▶ Assigned task: Omit all pictures. Quote only the lines from the one with "3D涂膠檢測系統(tǒng)" through the end of the material below.

▬▬▬▬▬▬▬▬▬▬

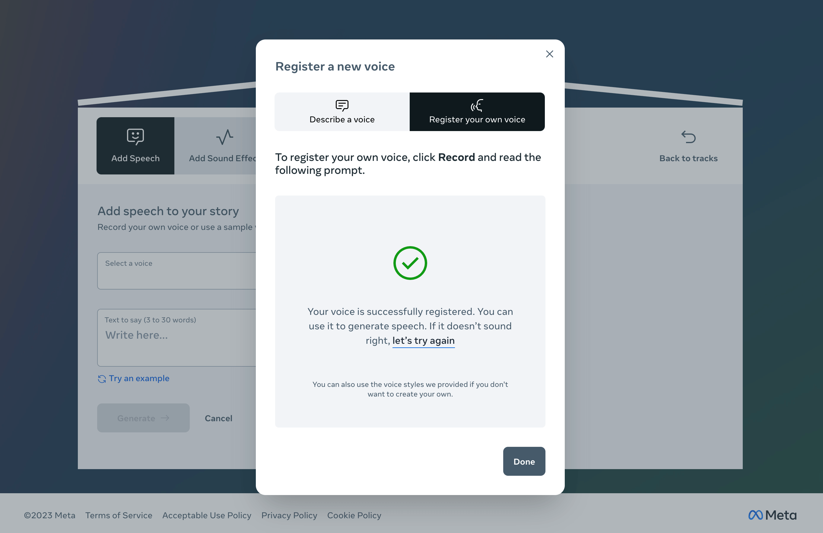 To get started, you must register a new voice to add speech to your story by either choosing to describe the characteristics of the voice (as well as the environment and any accompanying sounds) or recording your own.
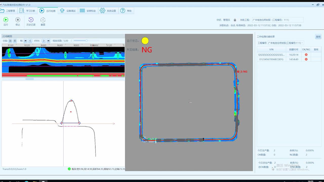 3D涂膠檢測系統(tǒng)是在2D涂膠檢測系統(tǒng)的功能上,增加了膠條高度、膠條截面積等的檢測,多適用于更高要求的涂膠品質(zhì)檢測,例如發(fā)動(dòng)機(jī)缸體三角膠檢測、汽車前后擋風(fēng)玻璃三角膠檢測、電池殼密封膠檢測等。
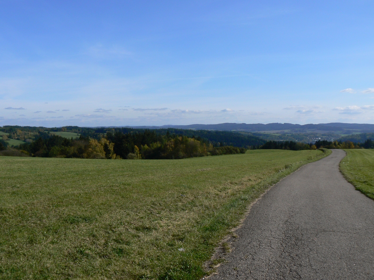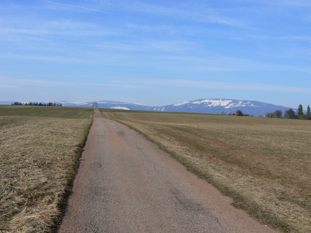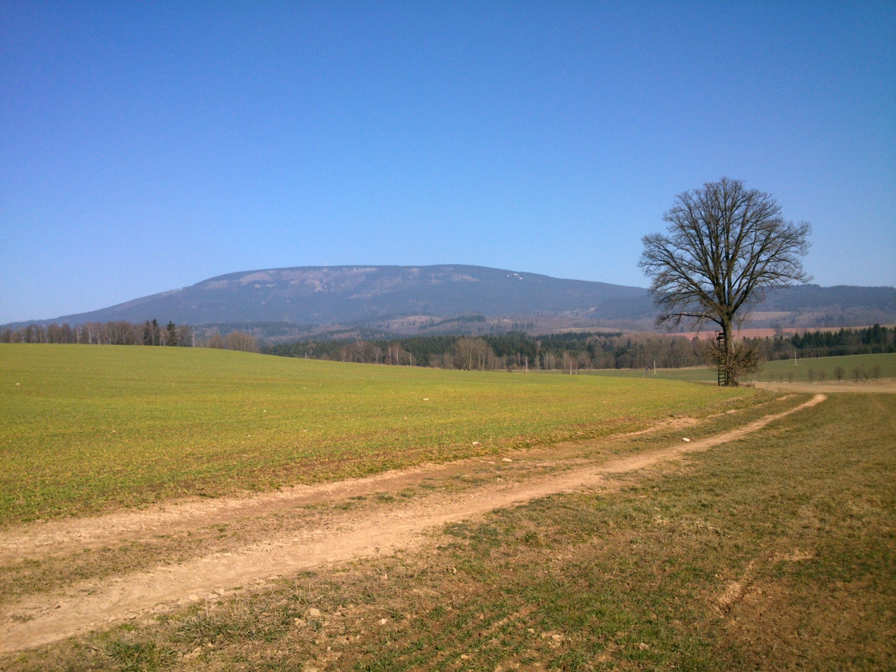 Odbočíme doprava po této cestě, projdeme hájkem až na louku a zde se po více či méně znatelné cestě stočíme doleva souběžně s okrajem lesa až k prvním domům, které vidíme před sebou. Tady začíná solidnější cesta po které sledujeme vrchol pohoří. I odtud je občas pěkný výhled.
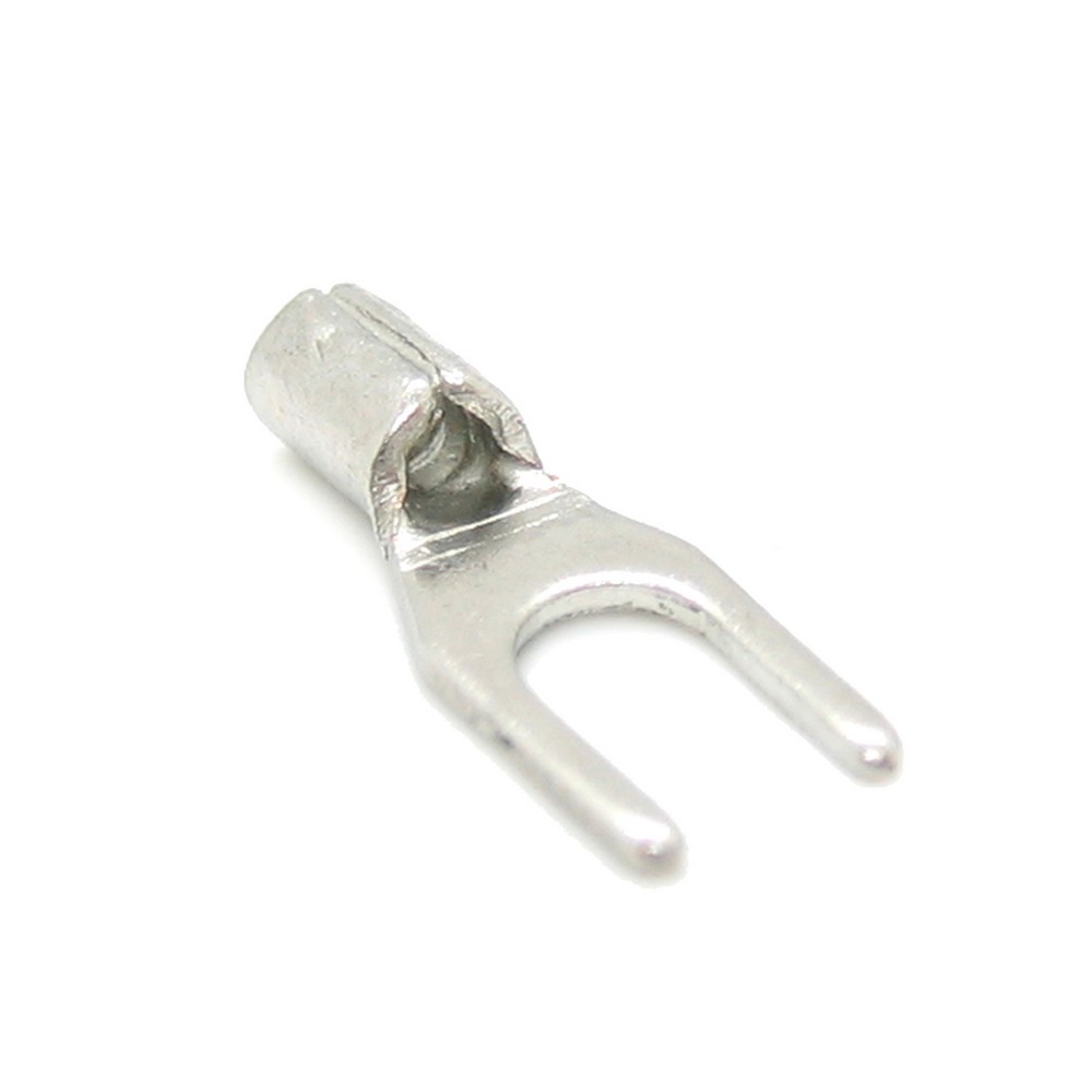 Фото может отличаться от реального вида предмета, но это не влияет на основные характеристики изделия | Наконечник вилочный SNBS1.25-3.5 Исполнение: Вилка, Сечение провода: 22-16 AWG (0,5 - 1,5 мм2), Imax = 19A.
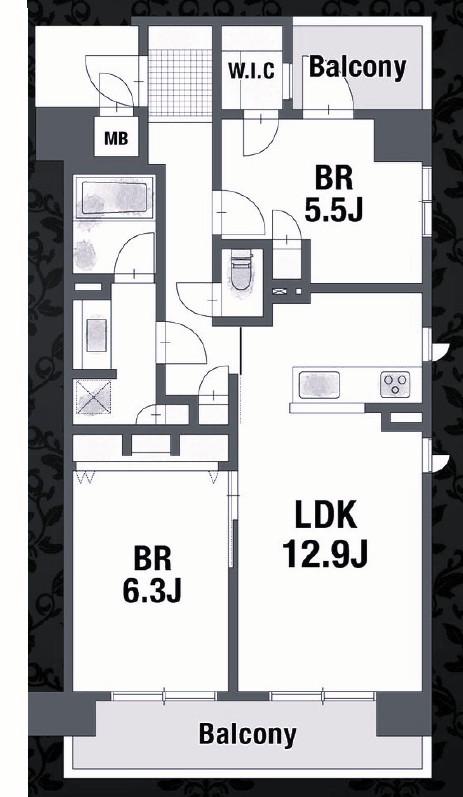 - LDK12.9帖 洋室5.5帖 洋室6.3帖

▬▬▬▬▬▬▬▬▬▬

▶ Exercise response:
 3D涂膠檢測系統(tǒng)是在2D涂膠檢測系統(tǒng)的功能上,增加了膠條高度、膠條截面積等的檢測,多適用于更高要求的涂膠品質(zhì)檢測,例如發(fā)動(dòng)機(jī)缸體三角膠檢測、汽車前后擋風(fēng)玻璃三角膠檢測、電池殼密封膠檢測等。
 Odbočíme doprava po této cestě, projdeme hájkem až na louku a zde se po více či méně znatelné cestě stočíme doleva souběžně s okrajem lesa až k prvním domům, které vidíme před sebou. Tady začíná solidnější cesta po které sledujeme vrchol pohoří. I odtud je občas pěkný výhled.
 Фото может отличаться от реального вида предмета, но это не влияет на основные характеристики изделия | Наконечник вилочный SNBS1.25-3.5 Исполнение: Вилка, Сечение провода: 22-16 AWG (0,5 - 1,5 мм2), Imax = 19A.
 - LDK12.9帖 洋室5.5帖 洋室6.3帖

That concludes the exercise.